Work order> Using the listing below, print the line containing "De tidligere UiT-ansatte", the line containing "status etc. Present", and each line between them, exactly and nothing else. Pictures stay out of the print.

Entries supplied>
···

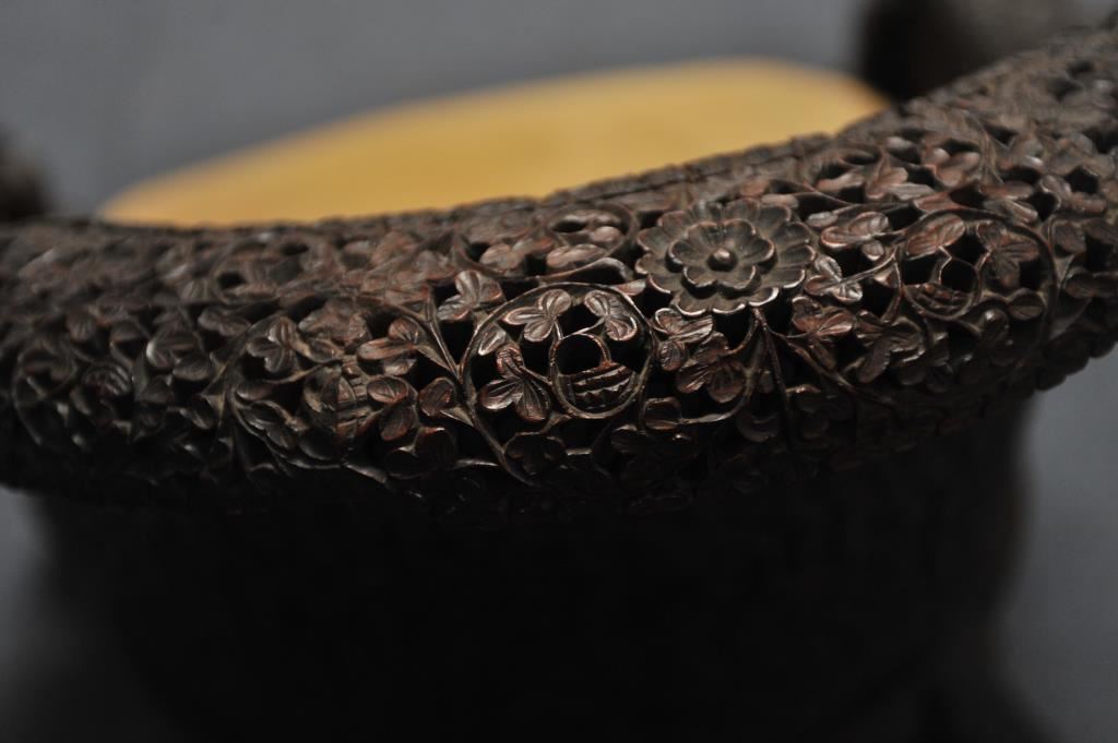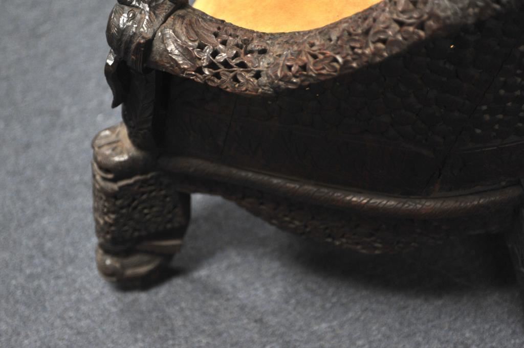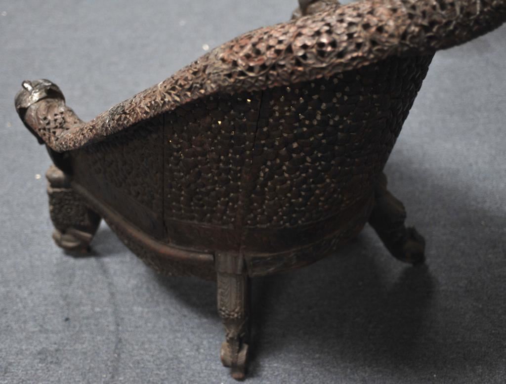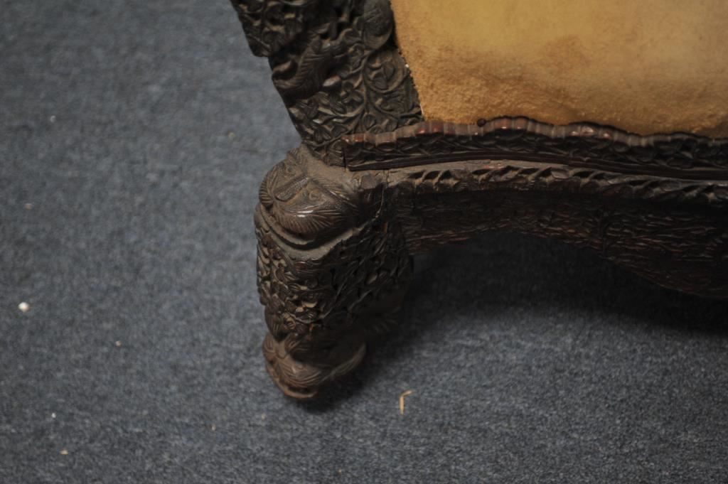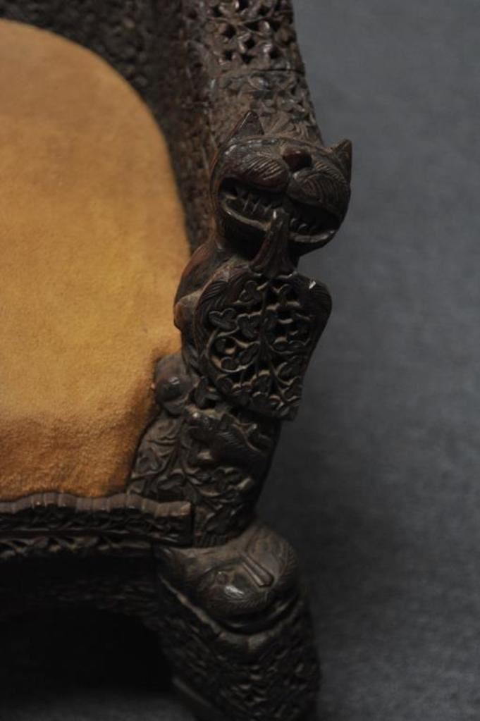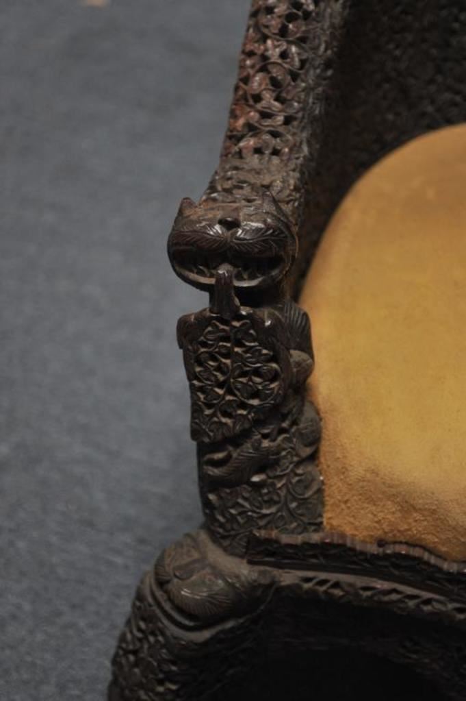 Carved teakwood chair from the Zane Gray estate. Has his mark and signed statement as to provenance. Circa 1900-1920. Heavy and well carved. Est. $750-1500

···

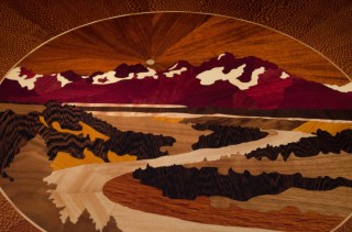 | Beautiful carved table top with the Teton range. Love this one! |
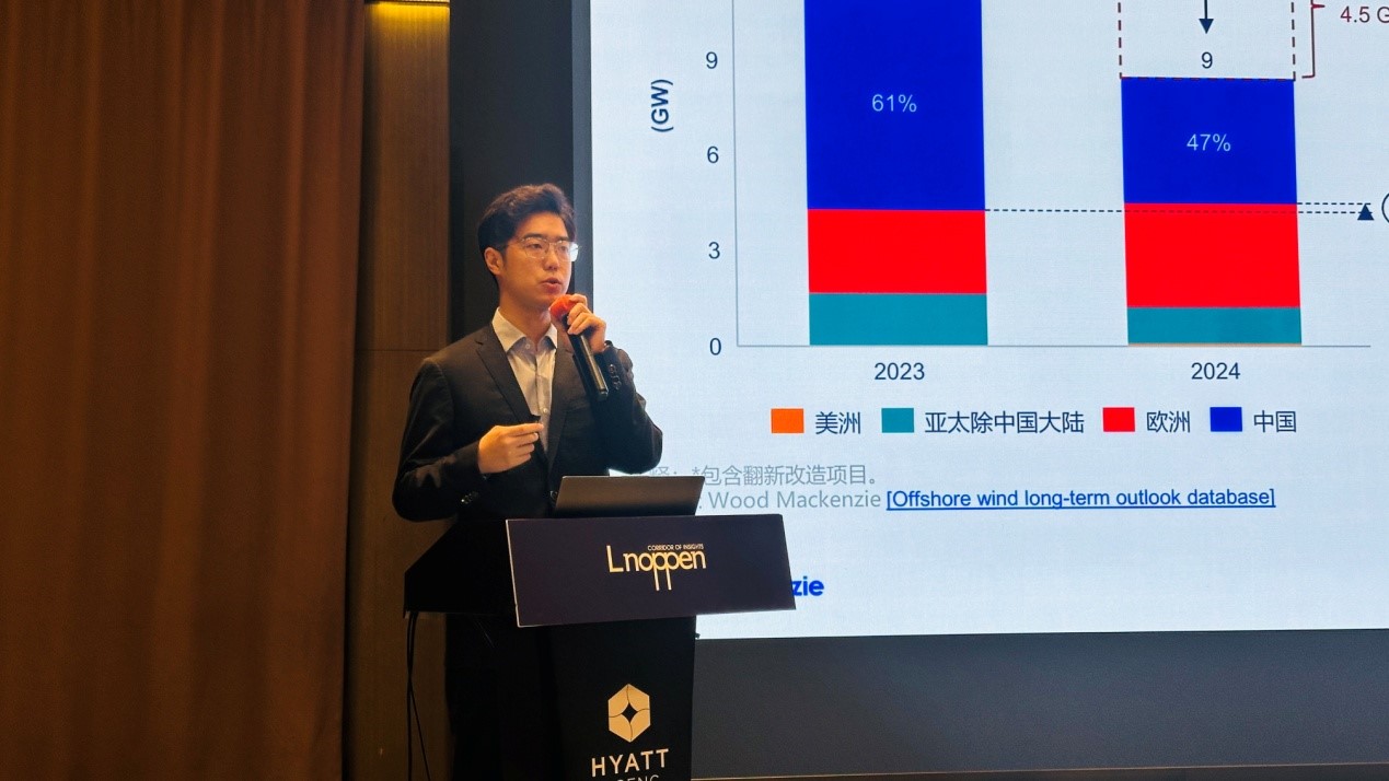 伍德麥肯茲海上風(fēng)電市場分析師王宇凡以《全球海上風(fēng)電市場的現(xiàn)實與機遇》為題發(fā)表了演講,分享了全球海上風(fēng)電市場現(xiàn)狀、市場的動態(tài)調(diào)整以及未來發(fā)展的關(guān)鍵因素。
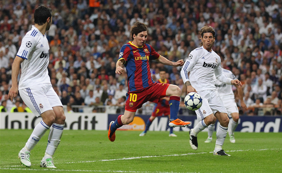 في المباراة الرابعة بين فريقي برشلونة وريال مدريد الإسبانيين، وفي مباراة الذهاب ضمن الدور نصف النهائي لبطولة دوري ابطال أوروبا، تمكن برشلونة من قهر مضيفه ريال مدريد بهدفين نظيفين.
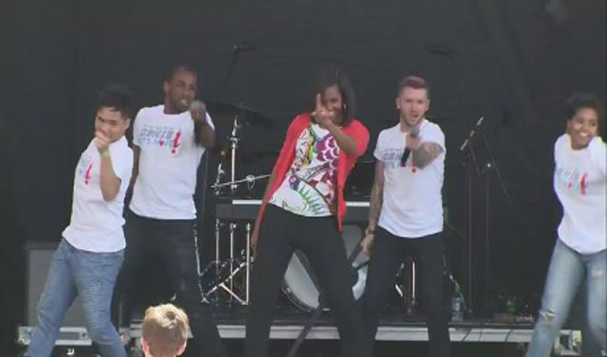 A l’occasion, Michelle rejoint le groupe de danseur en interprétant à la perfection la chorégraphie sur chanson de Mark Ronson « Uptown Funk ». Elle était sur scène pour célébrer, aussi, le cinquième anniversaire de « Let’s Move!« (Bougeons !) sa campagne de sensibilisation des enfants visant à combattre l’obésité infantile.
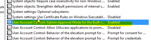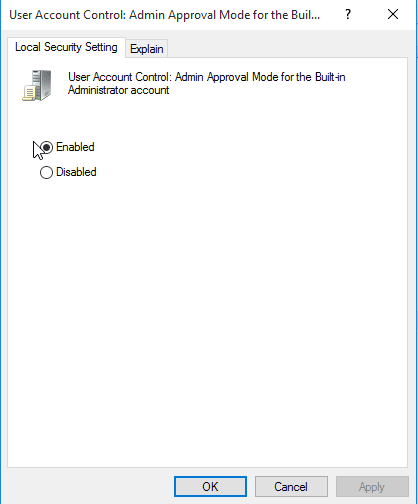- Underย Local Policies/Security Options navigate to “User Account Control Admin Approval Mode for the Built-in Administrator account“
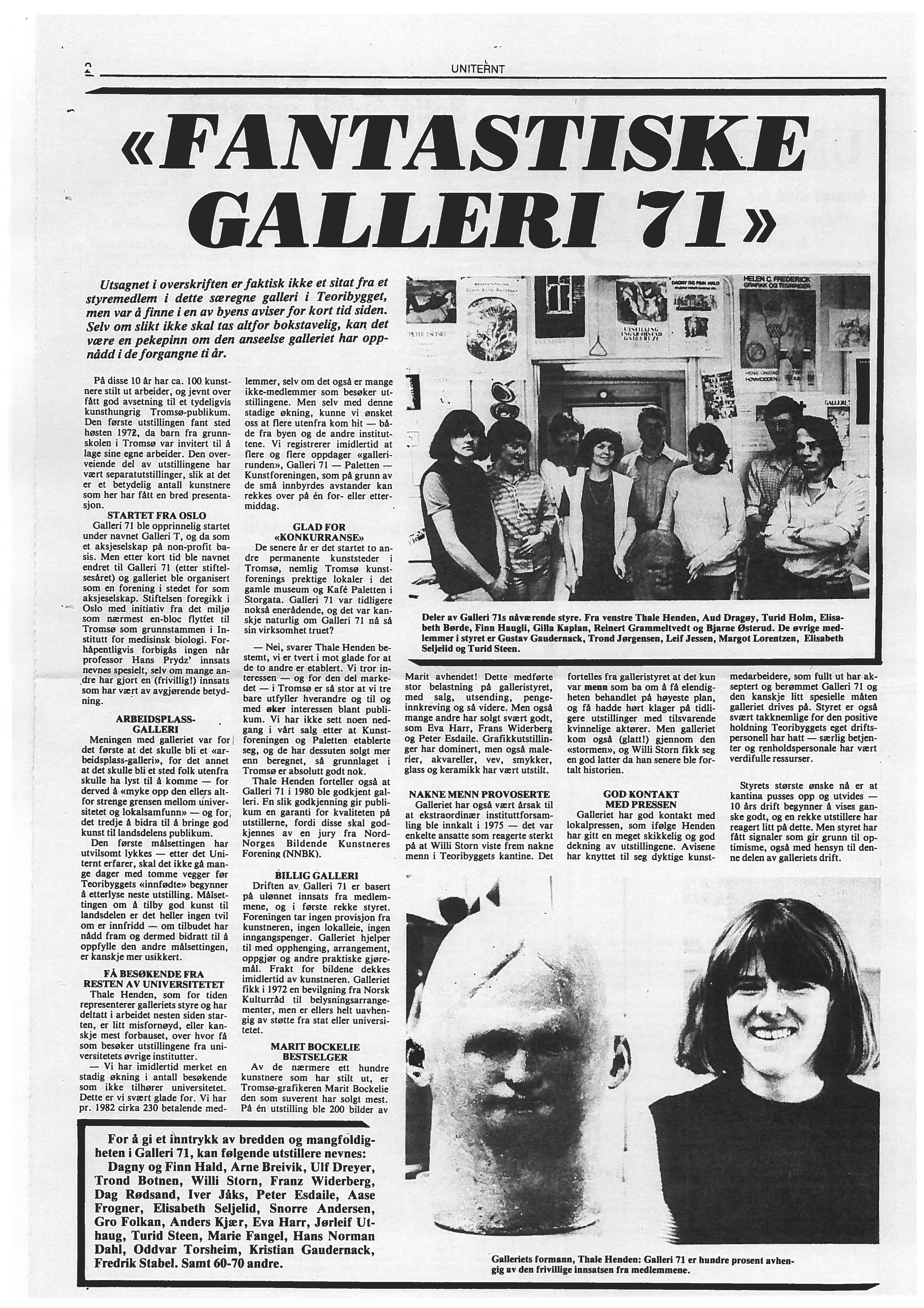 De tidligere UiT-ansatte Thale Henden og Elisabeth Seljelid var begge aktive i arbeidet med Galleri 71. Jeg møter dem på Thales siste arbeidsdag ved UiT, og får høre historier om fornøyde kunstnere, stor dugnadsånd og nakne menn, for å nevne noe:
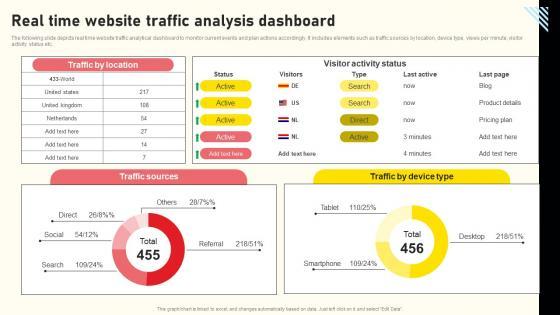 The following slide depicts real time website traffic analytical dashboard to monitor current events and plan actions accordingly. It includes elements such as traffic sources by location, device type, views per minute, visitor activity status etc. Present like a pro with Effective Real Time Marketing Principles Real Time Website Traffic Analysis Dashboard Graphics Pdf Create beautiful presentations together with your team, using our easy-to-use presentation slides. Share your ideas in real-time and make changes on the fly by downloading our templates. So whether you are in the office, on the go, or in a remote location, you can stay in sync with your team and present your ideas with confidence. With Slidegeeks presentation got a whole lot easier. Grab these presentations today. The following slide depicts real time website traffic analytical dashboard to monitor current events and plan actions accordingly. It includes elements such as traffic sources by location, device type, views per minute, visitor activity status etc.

···

Task response>
 De tidligere UiT-ansatte Thale Henden og Elisabeth Seljelid var begge aktive i arbeidet med Galleri 71. Jeg møter dem på Thales siste arbeidsdag ved UiT, og får høre historier om fornøyde kunstnere, stor dugnadsånd og nakne menn, for å nevne noe:
 The following slide depicts real time website traffic analytical dashboard to monitor current events and plan actions accordingly. It includes elements such as traffic sources by location, device type, views per minute, visitor activity status etc. Present like a pro with Effective Real Time Marketing Principles Real Time Website Traffic Analysis Dashboard Graphics Pdf Create beautiful presentations together with your team, using our easy-to-use presentation slides. Share your ideas in real-time and make changes on the fly by downloading our templates. So whether you are in the office, on the go, or in a remote location, you can stay in sync with your team and present your ideas with confidence. With Slidegeeks presentation got a whole lot easier. Grab these presentations today. The following slide depicts real time website traffic analytical dashboard to monitor current events and plan actions accordingly. It includes elements such as traffic sources by location, device type, views per minute, visitor activity status etc.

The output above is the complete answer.